Blended, beanpole, biological? – changing family trends

Tuesday 21 August 2018

We are living and working longer, having less children and at a later age - so what does this mean for the future of the family, and how do we even define 'family'?

Blended, beanpole, biological? – changing family trends  - image1

The nuclear family of two parents and three children is no longer the predominant model.

Last updated: Thursday 25 August 2022

We are living and working longer, having less children and at a later age – so what does this mean for the future of the family, and how do we even define ‘family’? 

In a nationwide public lecture tour culminating in Auckland this week Distinguished Professor Paul Spoonley shares insights on how the typical family has evolved since the 20th century and what the key influences and drivers are for these changes.

While major demographic changes in New Zealand are re-shaping notions of family/whanau, Professor Spoonley warns there is a lag in social policy to reflect these emerging changes. 

The days when the nuclear family was the predominant structure have well and truly gone and we are having to find new descriptions of what families look like – such as “beanpole families”, or longer, thinner family structures with less children and more generations present, says Professor Spoonley, Pro Vice-Chancellor for the College of Humanities and Social Sciences. 

New technologies – and new social and cultural norms – have meant a growing number of non-biological parents and the use of surrogacy. Blended and same sex parent families are on the rise as a result of law changes introducing civil unions and same sex marriage. 

Millennials (or Gen Y, those born between the early 1980s and 1990s) are experiencing delayed – or ‘fuzzy’ – transition into adulthood. Childless couples and one child families are becoming more common, as are the number of people opting to living alone. The number of couples without children is expected to rise from 513,000 in 2013 to 757,000 in 2038.

The family norm of last century in New Zealand was three+ children with dad as the main breadwinner. The median age for women to marry was 22, only five per cent of women aged between 30 and 39 never married and the divorce rate was three couples per 1000 (in the early 1960s). Only five per cent of families were sole parent compared with 28 per cent now. The average age to marry is now 30, and the current rate is around 10 couples per thousand people, while the divorce rate is just over 12 per thousand. Forecasts for the next 20 years indicate most families will either have one child or be childless, says Professor Spoonley. 

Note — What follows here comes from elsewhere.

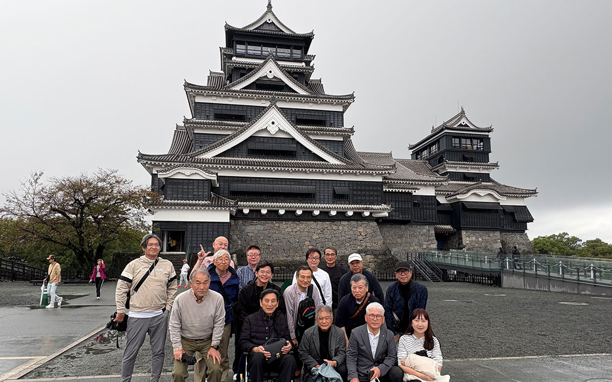 途中ちょっとしたハプニングがあり、巡回バスの中で仲間想いの会話が飛び交い、雨の中皆でびしょ濡れになりながら、熊本城内を歩いたことは、とてもいい想い出になりました。

“The Prime Minister [Jacinda Ardern] is increasingly typical of her generation – a working mother who has had her first child at age 37. The average age of the mother at first birth is creeping up – the largest number of children born last year were to women in their early thirties – and many are opting to have only one child – or none at all. Declining fertility is very apparent in the trends,” he says.

Blended, beanpole, biological? – changing family trends  - image2

Sociologist Distinguished Professor Paul Spoonley has been sharing insights on new trends in family structures.

Home for longer

In other trends, young adults are likely to live with their parents for longer due to delayed – or no – home ownership, while many Baby Boomers (people born between 1946 and 1964) are delaying retirement as they continue to work, travel, or care for elderly relatives or grandchildren. 

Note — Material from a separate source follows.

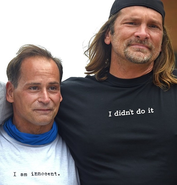 Ricky Birch (trái) và Shawn Henning (phải) chụp ảnh trước tòa án tối cao Connecticut ở Torrington hồi tháng 10/2020, mặc áo với dòng chữ "Tôi vô tội" và "Tôi không phải là thủ phạm". Ảnh: Hartford

Professor Spoonley’s aim in his Wellington, Auckland, Palmerston North, Hawke’s Bay and New Plymouth lectures has been to stimulate conversation around these major drivers, and the social and economic impacts and opportunities they prompt. He hopes to raise awareness among communities, councils and policy makers of the need for “new thinking” to address profound demographic changes.

Professor Spoonley is a Principal Investigator on the Ministry of Business, Innovation and Employment-funded programme, Capturing the Diversity Dividend of Aotearoa New Zealand (2014-2020); a Fellow of the Royal Society of New Zealand and of the Auckland War Memorial Museum; a Research Fellow of the Max Planck Institute for the Study of Religious and Ethnic Diversity and recently elected co-chair of the steering committee for Metropolis International, the world’s largest network of migration and diversity researchers.